*TASK ITEM*.
Set the pictures aside and return each record below precisely as written.

[Start of section]

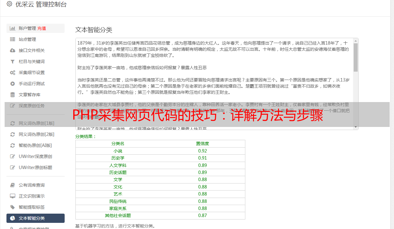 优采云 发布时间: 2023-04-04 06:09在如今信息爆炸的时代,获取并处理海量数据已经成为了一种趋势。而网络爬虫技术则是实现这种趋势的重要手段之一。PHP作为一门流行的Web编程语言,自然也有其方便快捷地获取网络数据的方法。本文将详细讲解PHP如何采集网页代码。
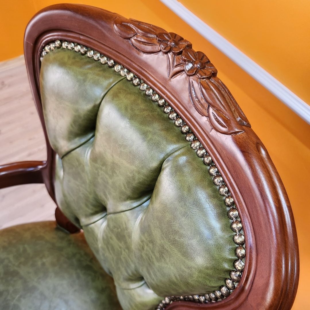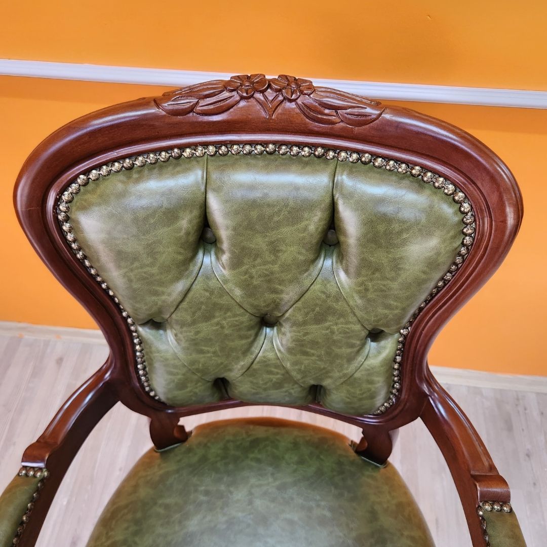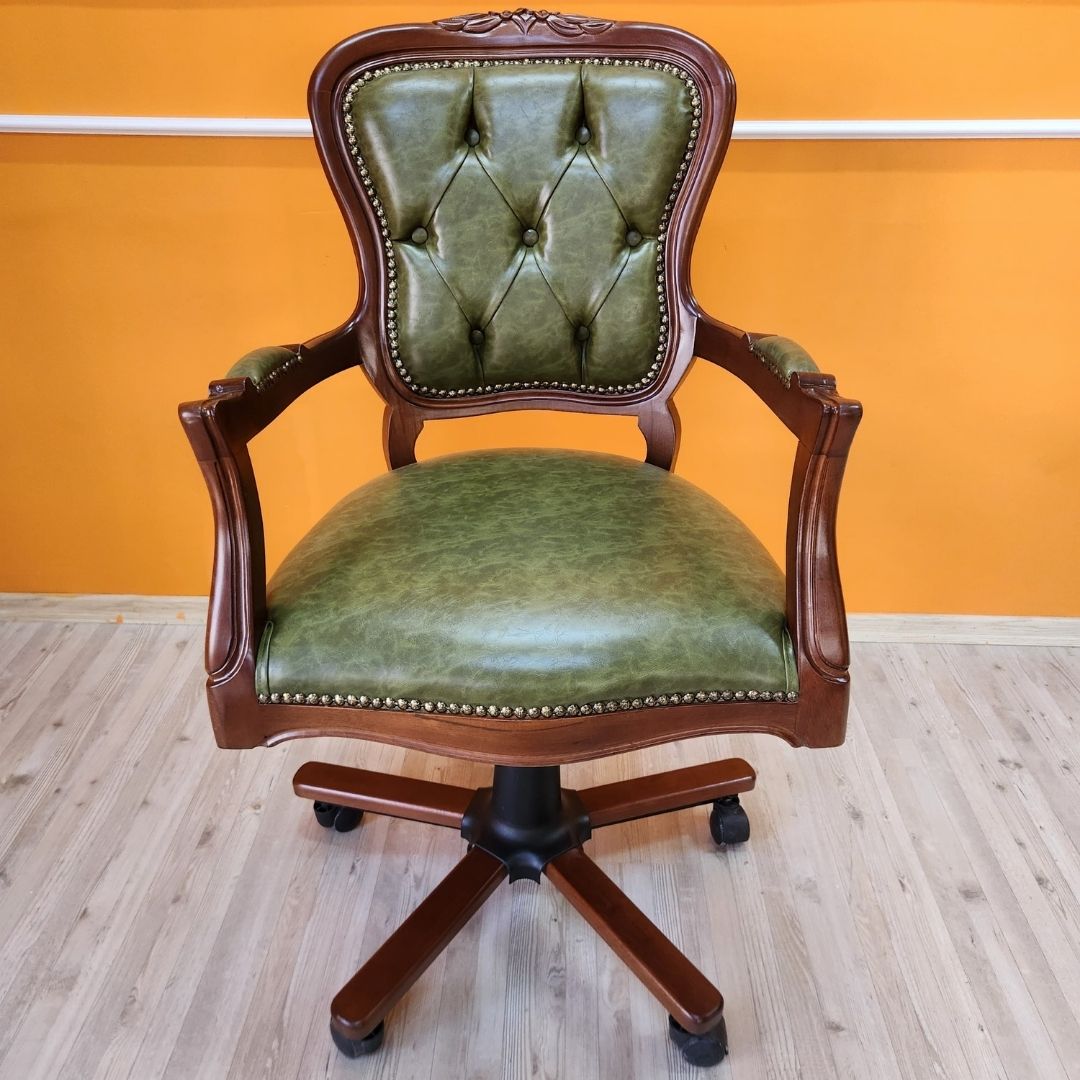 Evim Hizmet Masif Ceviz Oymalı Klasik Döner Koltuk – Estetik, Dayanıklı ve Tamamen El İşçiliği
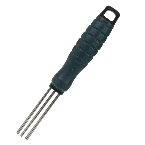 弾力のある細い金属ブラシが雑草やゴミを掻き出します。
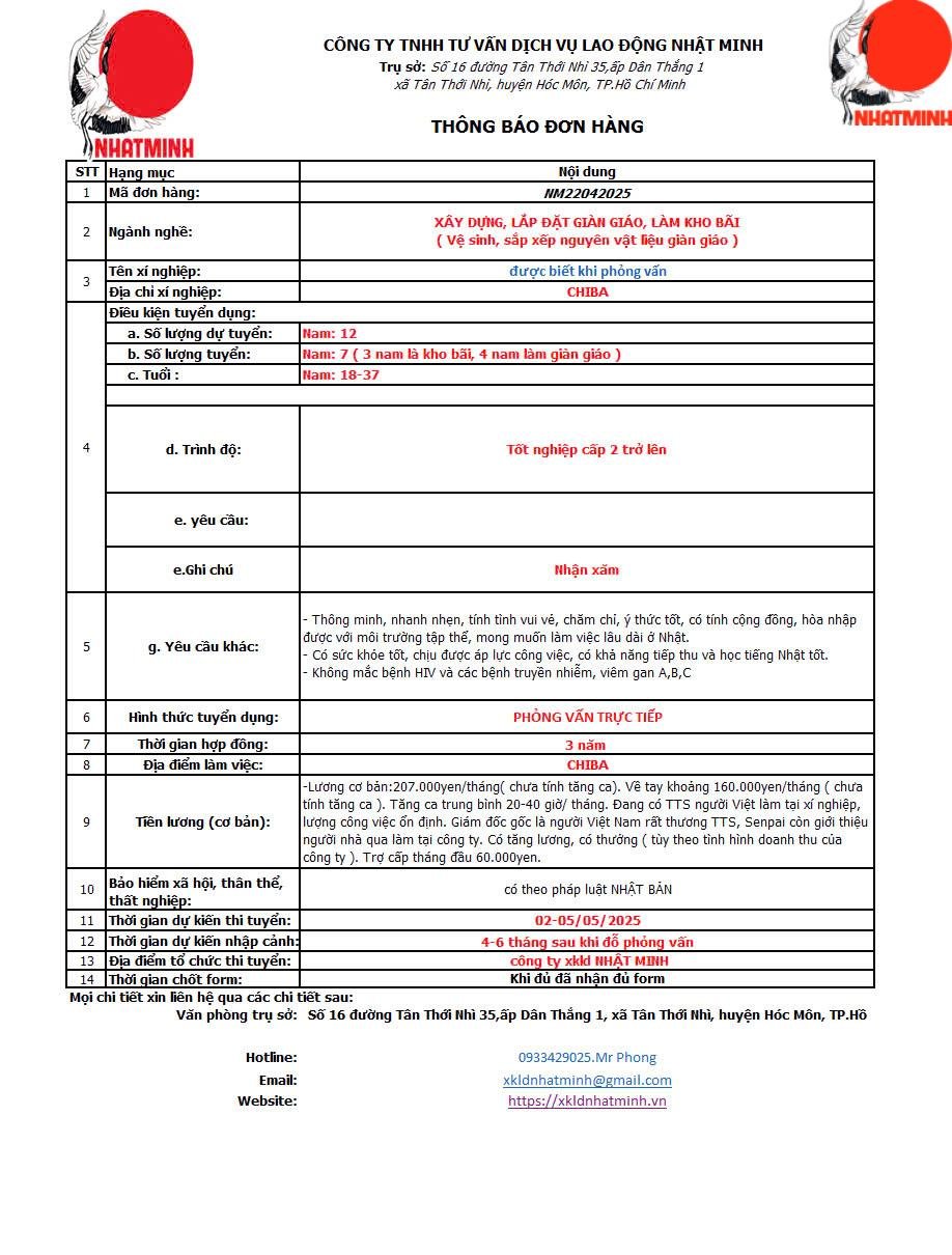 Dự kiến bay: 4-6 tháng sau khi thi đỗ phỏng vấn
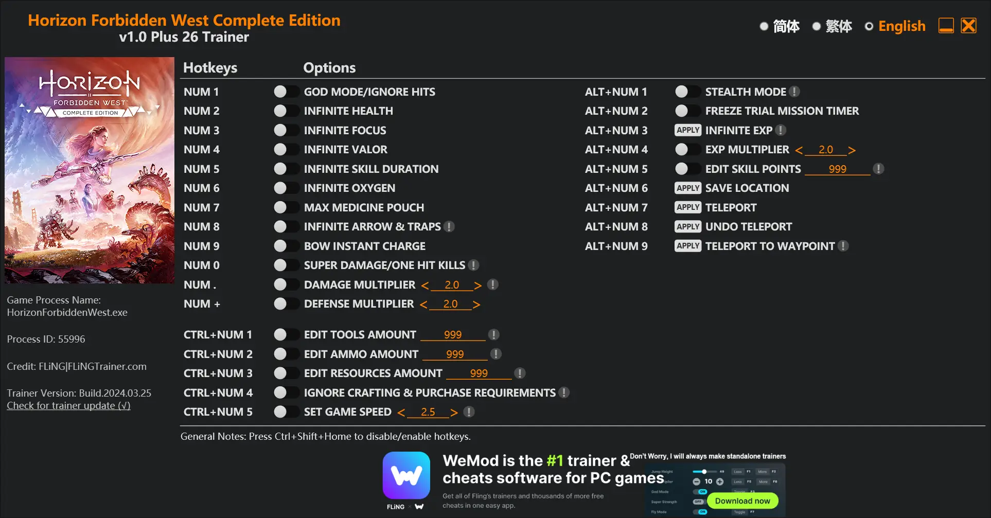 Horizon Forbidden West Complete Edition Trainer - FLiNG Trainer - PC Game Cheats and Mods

[End of section]

*WRITTEN SOLUTION*.
 优采云 发布时间: 2023-04-04 06:09在如今信息爆炸的时代,获取并处理海量数据已经成为了一种趋势。而网络爬虫技术则是实现这种趋势的重要手段之一。PHP作为一门流行的Web编程语言,自然也有其方便快捷地获取网络数据的方法。本文将详细讲解PHP如何采集网页代码。
 Evim Hizmet Masif Ceviz Oymalı Klasik Döner Koltuk – Estetik, Dayanıklı ve Tamamen El İşçiliği
 弾力のある細い金属ブラシが雑草やゴミを掻き出します。
 Dự kiến bay: 4-6 tháng sau khi thi đỗ phỏng vấn
 Horizon Forbidden West Complete Edition Trainer - FLiNG Trainer - PC Game Cheats and Mods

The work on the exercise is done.